MIPS #PIMSH 20: Appropriate Antiemetic Therapy for High- and Moderate-Emetic-Risk Antineoplastic Agents

• Numerator Criteria 1: Patients who are administered prior to treatment a four-drug combination of a neurokinin 1 (NK1) receptor antagonist, a serotonin (5-HT3) receptor antagonist, dexamethasone, and olanzapine

• Numerator Criteria 2: Patients who are administered prior to treatment a two-drug combination of a 5-HT3 receptor antagonist, and dexamethasone

Numerator Guidance: For the purposes of the measure, the following antiemetics would meet the measure:

• Antiemetics administered on the same day as cycle 1 day 1 of the therapy OR

• Any new or refill prescription order of antiemetics on the same day as cycle 1 day 1 of the therapy or within 89 days prior to cycle 1 day 1 of the therapy OR

• Any record of antiemetics as active on the medication list within 90 days prior to cycle 1 day 1 of the therapy

Oral/IV combination regimen is when oral antineoplastic therapy is ordered as a component of a treatment regimen. Both oral and IV antineoplastic agents are ordered on the same day, and the IV agent determines the emetic risk of the oral/IV combination regimen.
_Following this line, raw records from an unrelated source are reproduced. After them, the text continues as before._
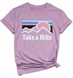 Take A Hike Print Cute Graphic T Shirts for Women AEURPLT Size Chart S: Length 25.98″ Bust–37.80″ Shoulder–17.32″ M: Length 26.77″ Bust–39.37″ Shoulder–18.11″ L: Length 28.35″ Bust–40.94″ Shoulder–18.90″ XL: Length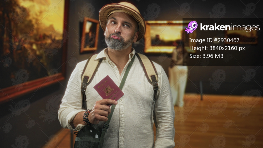 Man holds passport, wears straw hat and backpack, beard visible, standing in art gallery; curiosity travel.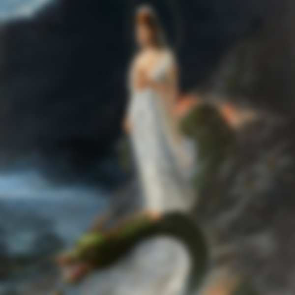 《騎龍觀音》是原田 1890 年的彩色油畫作品,高 272 公分、寬 181 公分,尺寸巨大,展現其對歐洲寫實主義和傳統繪畫研究的成果。觀音像置於中央,與週遭環境包括飛舞的龍構成栩栩如生的畫面,給人一種如電影場景般的真實感。

Note: ASCO acknowledges that all practices may encounter a scenario in which an antineoplastic intended to be given on C1D1 is held. In this scenario, it is possible for prophylactic antiemetic treatment to be considered inappropriate if the intended antineoplastic is ultimately not administered. The technical expert panel expects these scenarios to be consistent across practice types and settings, and unlikely to substantially impact performance scores.

Performance on this measure is intended to be attributed to the prescribing or attending provider, and is not meant to reflect incident-to billing under non-physician providers (NPPs) who may be practicing in the infusion center during the patient's antineoplastic therapy.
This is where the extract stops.